The lion of the Arabian Sea is a familiar story of Mohammed Ali Marakkar aka Kunjali Marakkar IV, a Naval Chief of the Zamorin’s Kingdom of Calicut.

Marakkar Memorial by Indian Navy

Being a historical adaptation, the film visualises 16th century India in a grand style. The article provides the historical background of the Marakkars of Calicut Kingdom, Erstwhile Kerala.

When Constantinople fell into the hands of Ottoman Turks in the 15th century, Europeans lost their trade route in the Middle East and were compelled to explore an alternative route to the East. The arrival of Vasco da Gama, a Portuguese explorer circumfering the Atlantic Ocean to reach Calicut in 1498 changed the course of history.

The monopoly of the trade of Arabs with India came to an end with his arrival. Arabs were long term traders who settled in India in the coastal regions. Islam spread here during Prophet Muhammad’s lifetime. Cheraman Juma Masjid was the first mosque to be built in the Indian subcontinent in 629 AD.

The Kunjali Marakkars of Arabic descent were the hereditary naval chiefs of Zamorin. Four Marakkars organised the first naval defence of the Indian Coast by defending Portugal invasion from 1520 – 1600.

According to the Portuguese, they were pirates. But Portuguese were the  real pirates doing it with the Portuguese East India Company which had seaport fortresses and trading posts in the Indian territories like Calicut, Cannanore,  Mangalore, Cochin and Goa where they looted the wealth of India by acquiring spices at rock-bottom prices leading to the loss of poor farmers.

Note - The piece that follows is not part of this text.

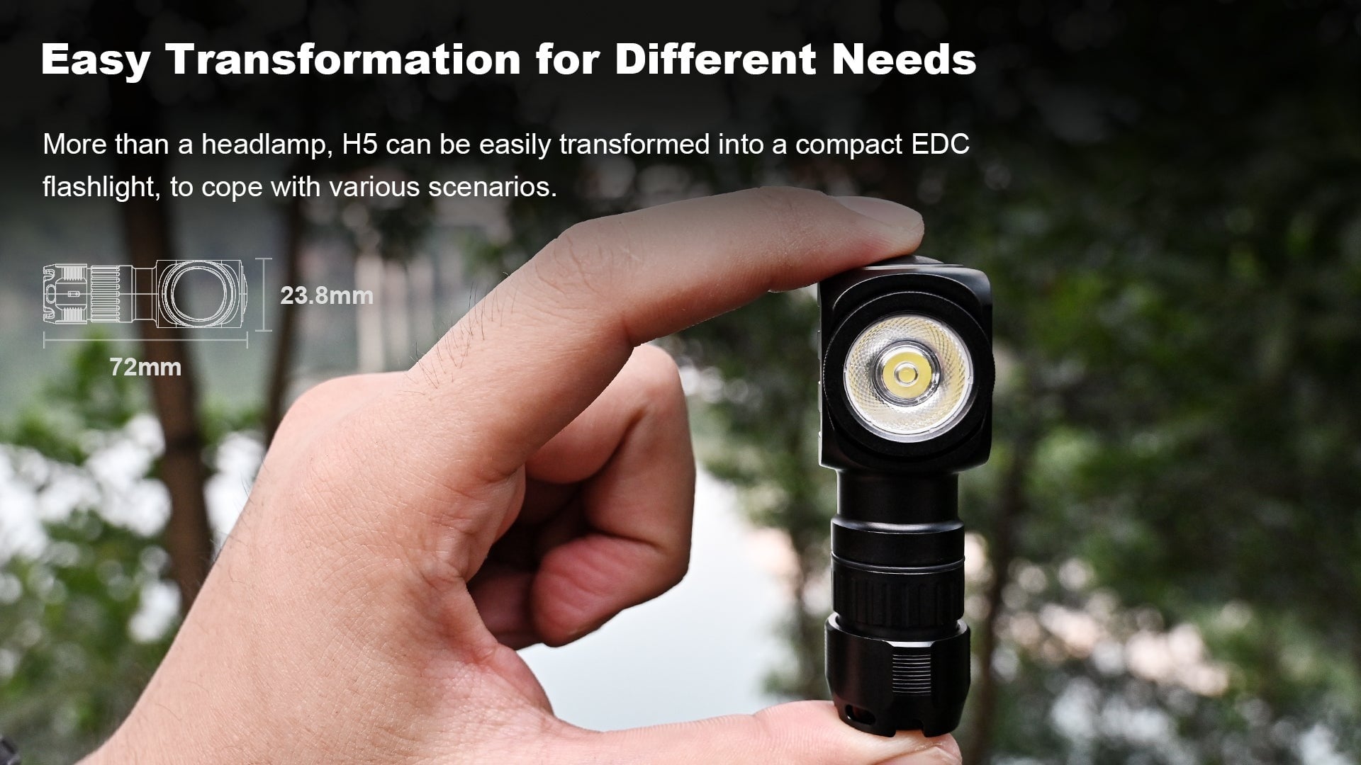Wuben H5 là một chiếc đèn pin kẹp đa năng (multifunctional clip flashlight) độc đáo, nổi bật với thiết kế linh hoạt khi được trang bị một bộ phận kẹp đèn tháo nhanh đa năng được tích hợp nhiều tiện ích (xoay 2 hướng 360 độ, đế nam châm, pad kẹp đa năng) cho phép người dùng sử dụng như một chiếc đèn pin đội đầu (headlamp) hoặc đèn pin cầm tay mini (mini flashlight) thông thường, hay dùng kẹp mũ, đáp ứng nhu cầu chiếu sáng trong mọi tình huống.

Marakkars along with the Zamorin fought against this. Marakkars have a separate fort and four harbours Moutingue (Muttungal), Badara (Vadakara), Chombaye (Chambal), and Cangelotte (Kaniyaram Kottu) under the ambit of Zamorin.

Kunjali Marakkars had war-paroe, a small craft carrying 30 – 40 men who emerge from small creeks and inconspicuous estuaries attacking the Portugal ships and setting fire to them inflicting heavy damage and casualties and safely disperse in the shallow waters.

Indian navy honoured Marakkars who showed their mighty prowess on the Arabian coast by naming the naval air training centre at Colaba, Mumbai as Naval Maritime Academy INS Kunjali II.